Cuando regresaba de comer con alguna amiga, o de alguna reunión social, Amparo se sentía invadida por una gran melancolía, como si el bullicio en el que había estado horas antes acrecentara, por contraste, la soledad en la que se encontraba en aquel momento. Miraba alrededor: Los libros, los cuadros, los objetos acumulados a lo largo de aquella vida que durante tanto tiempo fue a dos se le echaban encima, más cargados de reproches que de sugerencias. Reproches por no haberlos disfrutado desde hacía tiempo, por pasar a su lado sin dirigirles una mirada, ni acariciar sus lomos, tratándolos con deliberada frialdad, cuál ella era.

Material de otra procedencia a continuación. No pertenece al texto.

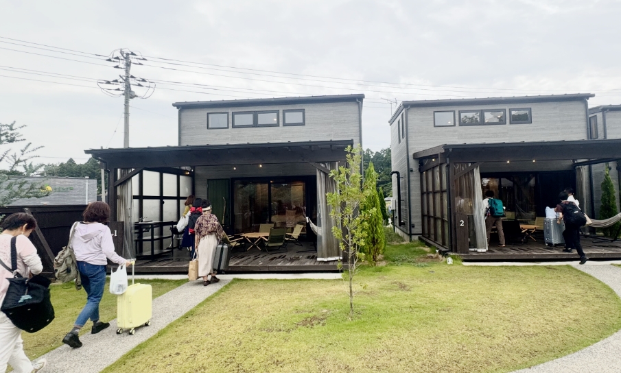 千葉県香取市にある農園リゾート「ザファーム」の視察では、農業体験とリゾートが融合した独自のビジネスモデルを学びました。「ザファーム」は、宿泊施設や温泉、レストランを併設し、自然の中でリラックスしながら農作業や収穫体験ができます。
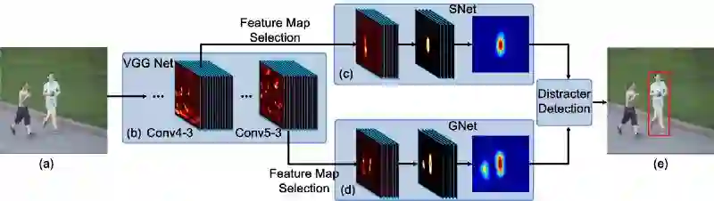 由于这些观察,FCNT设计了特征选择网络,以在VGG网络的conv4-3和conv5-3层上选择最相关的特征图。然后,为了避免在噪声上过拟合,它还分别为两个层的选定特征图设计了额外的两个通道(称为SNet和GNet)。GNet捕获目标的类别信息,而SNet将目标位置为中心的感兴趣区域(ROI)。最后,通过SNet和GNet,分类器获得两个预测热图,并且跟踪器根据是否存在干扰者来决定将使用哪个热图来生成最终跟踪结果。FCNT的流程如下所示。
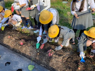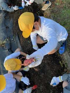 連なって収穫できたり、小さいのが収穫できたりと芋掘りを楽しんでいました。
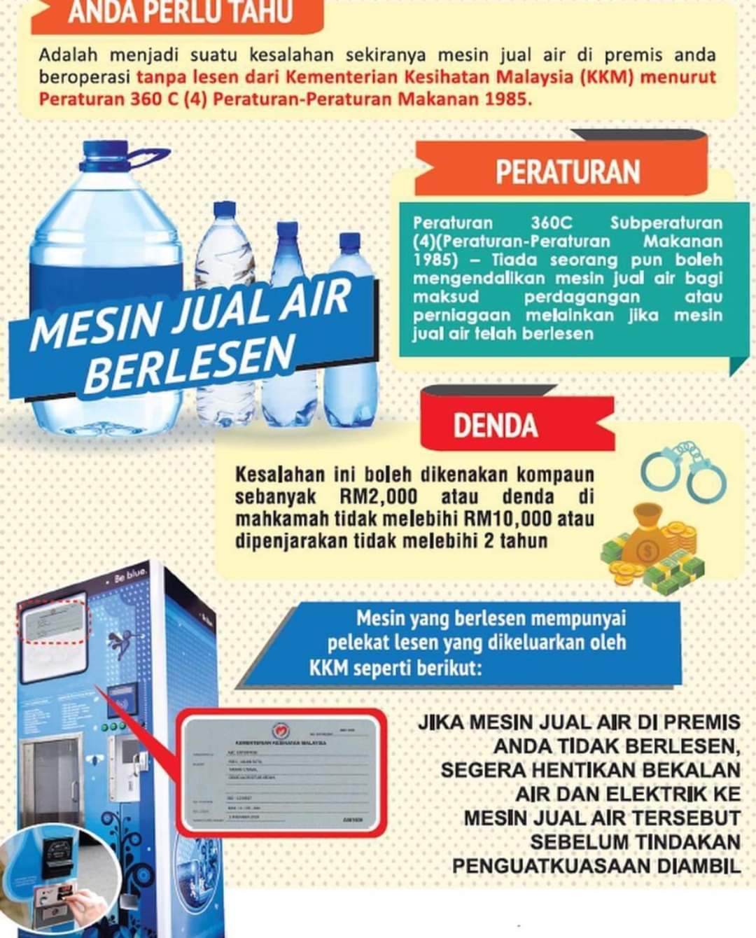 Jabatan Penerangan Negeri Sabah On Twitter Tahukah Anda Mesin Jual Air Mja Tidak Boleh Beroperasi Sekiranya Tdak Mempunyai Lesen Dpd Kkm Spt Yang Termaktub Dlm Peraturan 360 C 4 Peraturan Peraturan Makanan

Después, descolgaba el teléfono y la anónima voz que le servía de contestador se burlaba de ella con su mensaje impersonal: “El servicio contestador de Movistar le informa que no tiene mensajes». Todo lo que hacía la sociedad por arroparla era sospechoso, un arma de doble filo, una amenaza que acababa volviéndose contra ella, una trampa en la que no estaba dispuesta a caer.
Quizás la grisura que definía su vida procediera de ella misma, de la bruma que se había instalado en su alma y que nada conseguía disipar desde entonces. Cuando veía a los demás llorar, reír, pelear, conmoverse, se asombraba de que no fingieran como fingía ella aparentando estar viva. ¿Fue siempre así? Claro que no, pero aquellos recuerdos le parecían pertenecer a otra. Su corazón se le secó desde aquel día. Amparo se preguntaba cómo habría sido su vida de haber luchado por tener aquel hijo, pero nunca se atrevió a reprochárselo, ni siquiera durante esas interminables veladas de domingo en que, sentados cada uno en su sillón, leían sin dirigirse la palabra. A veces uno de ellos escuchaba música con los auriculares puestos para no molestar al otro de forma que durante horas no se oía una voz en la casa, como correspondía a aquel sepulcro.
¡Dios, cuanto le odiaba! Pero le odiaba, sin pasión, teóricamente. Al verlo, no sentía aversión ni rabia. Estaba muerta y había agotado toda su capacidad de sufrir. Estaba anestesiada. Sin embargo, ahora que él ya no estaba en casa, había llegado el momento de ejecutar su venganza. Le iba a visitar de vez en cuando y aprovechaba su inmovilidad para desgranar lentamente los nombres de todos con los que se había acostado después de aquello: Amós, Benedicto, Gonzalo, Luis, Matías, Pedro, Ramón, Raúl, Santiago, y la lista seguía así, por riguroso orden alfabético. Cuando terminaba de nombrarlos, a veces, se olvidaba de alguno y si estaba todavía cerca de la tumba, volvía casi corriendo y le decía: «¡Ah!, y también Juan... se me había olvidado».